Eco-Clubbing with Climate Effects

If there’s yet another farmer-fondled French goose passing the counter somewhere near Berlin’s Kollwitzplatz and ending up in a New-Berliner’s shopping cart right next to widely travelled garlic from China and morning tea picked at full moon, then it is surely one of the more extreme appearances of eco-delusions, or better to say organic food delusions. Recently held Energy Union night at Berlin’s WMF club however attested that the very same impulse is even able to raise much more sensitive topics, while connecting serious issues, unusual locations and top acts like Coldcut live, Monolake live and the djing Modeselektor boys.

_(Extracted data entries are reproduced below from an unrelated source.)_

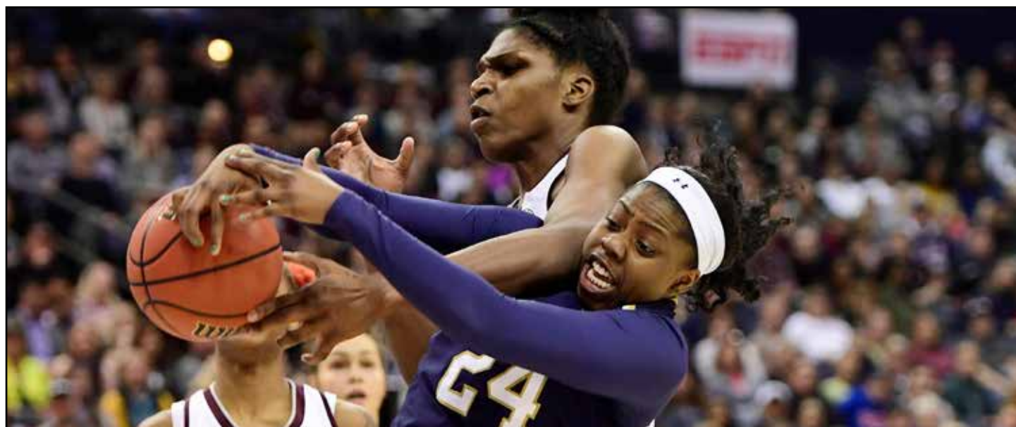
Arike Ogunbowale of Notre Dame and Teaira McCowan of Mississippi State fight for a rebound during the championship game of the 2018 NCAA Women's Final Four.
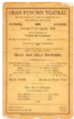
Bajo Una Sola Bandera / Under a Single Banner (ErVa_b02_f13_0001)
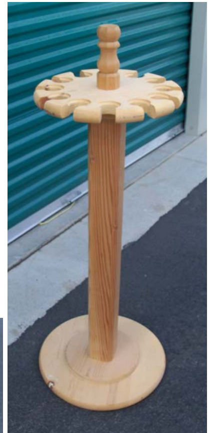
12 Rotary Bat Rack
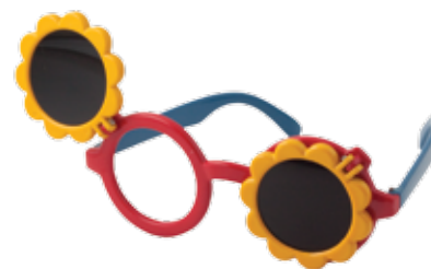
548500 Sunflower Occluding Glasses for smaller faces
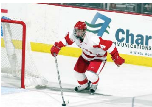
Defenseman Ryan Suter is in his 16th NHL season, now playing as an alternate captain for the Minnesota Wild after skating his first seven years with the Nashville Predators. A three-time NHL All-Star, Suter was alternate captain for Team USA at the 2010 and 2014 Olympics. Part of Team USA's first gold medal-winning world junior team in 2004, he is part of one of the great families in Wisconsin hockey history with his dad, Bob, winning gold with the 1980 U.S. Olympic Team. His uncle Gary won the 1986 Calder Trophy, the 1989 Stanley Cup, was a two-time Olympian and played 17 seasons in the NHL.
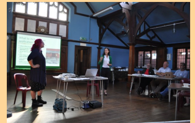
Who said that?
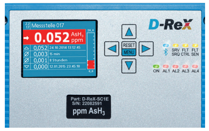
User interface with display, control keys and status LEDs

The plug-and-play smart sensor cartridges are pre-configured and pre-calibrated for easy installation or replacement. Automatic sensor self-tests increase safety while reducing maintenance costs even further.
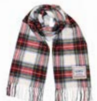
DRESS STEWART CIG22-HT
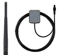
Wi-Fi / GPS antenna
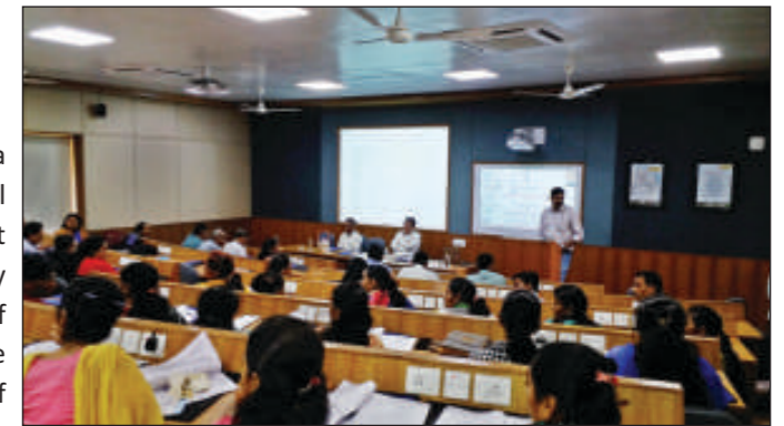
Experts and participants during the training programme

The Centre for Child Rights Advocacy, Institute of Law, Nirma University, in association with GSCPS, CCRP, UNICEF, Social Defence Department and Social Justice & Empowerment Department, Government of Gujarat, conducted a One-Day training programme on Effective Implementation of Prohibition of Child Marriage Act, 2006. The training was conducted for the Prohibition of Child Marriage Officers of the Government of Gujarat in the Institute on July 8, 2016.
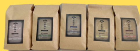
TANTETSU COFFEE BEAN ¥1400 EACH
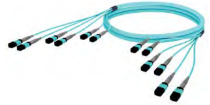
MPO8 multimode UPC trunk cables
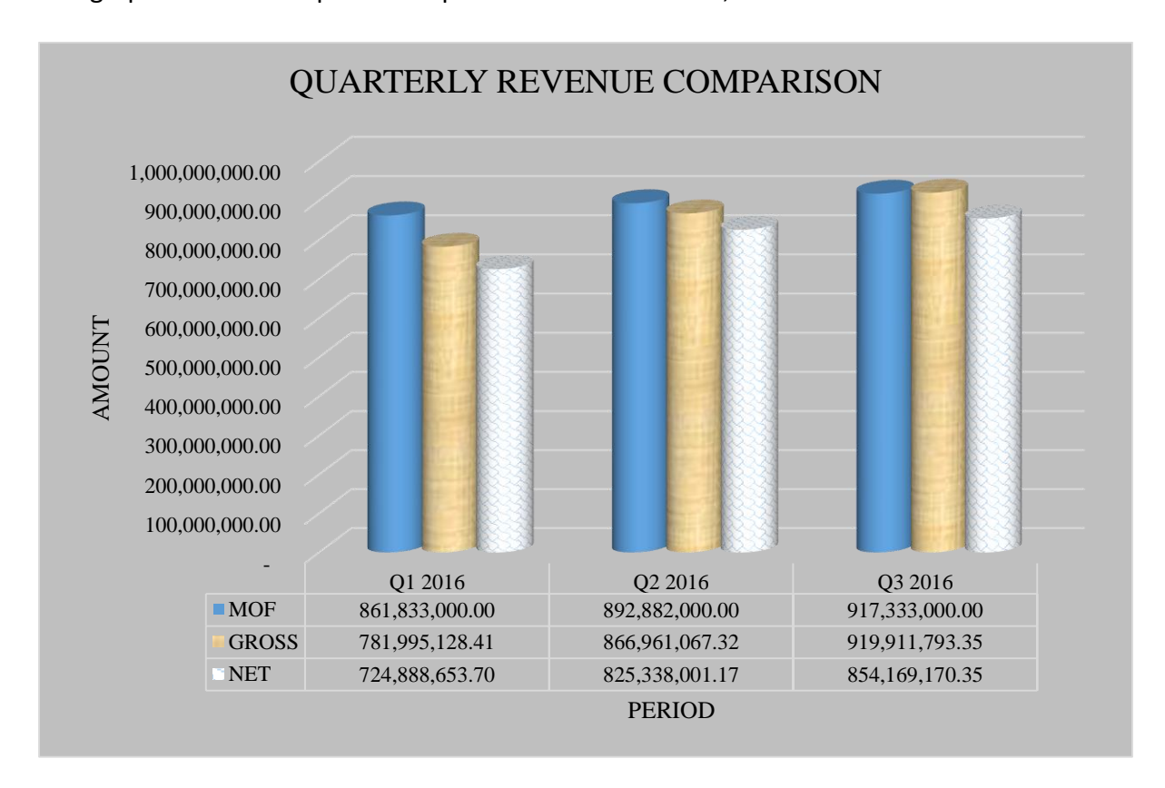
Figure 2: Quarterly Revenue Contributions

The graphs show a comparison of performance for the Q1, Q2 and Q3 of 2016
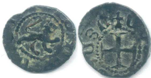
CILICIAN ARMENIA Levon V., 1374-1375.
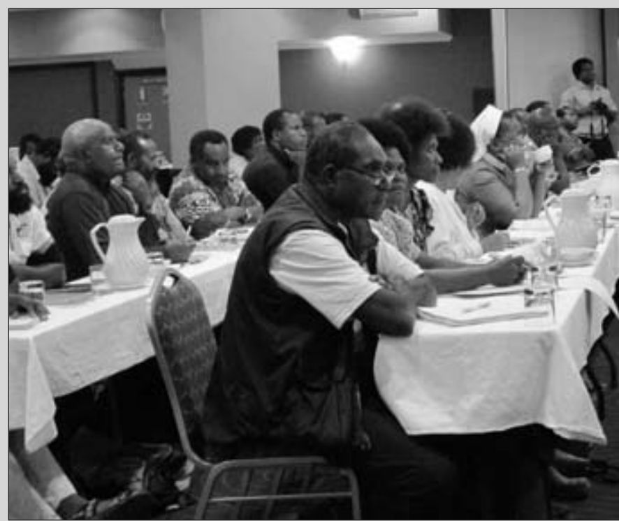
SIOS MEDIKEL KAUNSAI BUNG: Sampela long moa long 200 wok manmeri bilong Sios Medikal Kaunsel i bin sindaun long wanpela wik Anuel Jenerel bung bilong ol long las wik long Holide In, Pot Mosbi.

Lidaman i tok i no gutpela long sampela sios i tok baksait long Katolik Sios, tasol long ol lain husat i save autim tok long go aut na kisim i kam insait long sios ol lain tematan o dispela i no save yet long God.
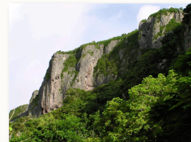
Focus on appropriate technologies for tropical ecosystems.
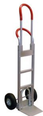
Mule Hand Truck
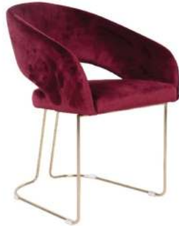
Dining Chair Sap Code: 401-301-31 W60 x D55 x H76 cm VELVET FABRIC / POLISHED STAINLESS STEEL 185 USD

Berlin’s notorious sparrows were already spreading the news from roof to roof: the WMF is back. At first glance that might sound like a new branch office of a stainless steel cooking pots and high-grade cutlery producing company, but here is definitely the speech about one of Berlin’s new old clubbing institutions. If Berlin would lie on latitude 60 or higher, then sun would have a chance to send its rays from the North, making the TV Tower cast its shadow over the club’s new location. The 3-letter venue is definitely centrally located now. At Klosterstrasse they’re even having a stop of the U2 line at their own doorstep; theoretically seen clubbers now can start a journey round the world right after finishing their club night. That is quite a bonus if you can head back home in the late morning hours without losing time and after having spent the whole night rocking the dance floor.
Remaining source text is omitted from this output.